I have two instances of an app container (happens to be a Node.JS app, but that shouldn't matter) running in a Kubernetes cluster on Google Container Engine. I'd like to scale it up to three instances.
My cluster has a master and two minion nodes, with a replication controller and a load balancer service. The replication controller keeps my app container running happily on the two nodes.
I can see that there is a handy gcloud alpha container kubectl resize command which lets me change the number of replicas, but I don't see how or if I can increase the size of the cluster itself, so that it can spin up another minion node. I only see gcloud commands to create, delete, list and describe clusters; nothing to resize them.
If I can't resize my cluster, then to scale up I'd need to create a whole new cluster and kill the old one. Am I missing something?
Also, are there plans to support auto-scaling?
Update (June 2015): Kubernetes on GCE now uses managed instance groups which you can manually resize to add new nodes to your cluster.
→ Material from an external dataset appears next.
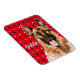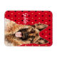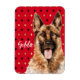 Na moda magnet apresenta uma ilustração do estilo de retrato de aquarela do cão German shepherd sobre fundo de harlequin vermelho preto e dourado. Personalizar com nome ou mensagem especial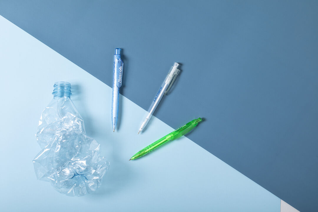 Info: Penna della linea Nature, realizzata in RPET, plastica riciclata, per favorire il riutilizzo dei rifiuti plastici e aiutare la sostenibilità del pianeta.Finitura traslucida, logo RPET sul corpo della penna e disponibile in un'ampia gamma di colori. Clip appositamente studiata per la stampa in tampografia, con meccanismo push e refill blu

There isn't currently a way to add nodes to your existing Google Container Engine cluster. We are currently adding support to Kubernetes to allow clusters to have nodes dynamically added but the work isn't quite finished yet. Once the feature is available in Kubernetes you can expect that it will show up in Google Container Engine shortly after the next Kubernetes release.
In the mean time, it should be possible to run more than two replicas of your node.js application on the existing two VMs.
This presentation: http://fr.slideshare.net/craigbox/autoscaling-kubernetes is about kubernetes horizontal scaling in Google Cloud. I put this link here to save some googling to next one that ends up on this thread.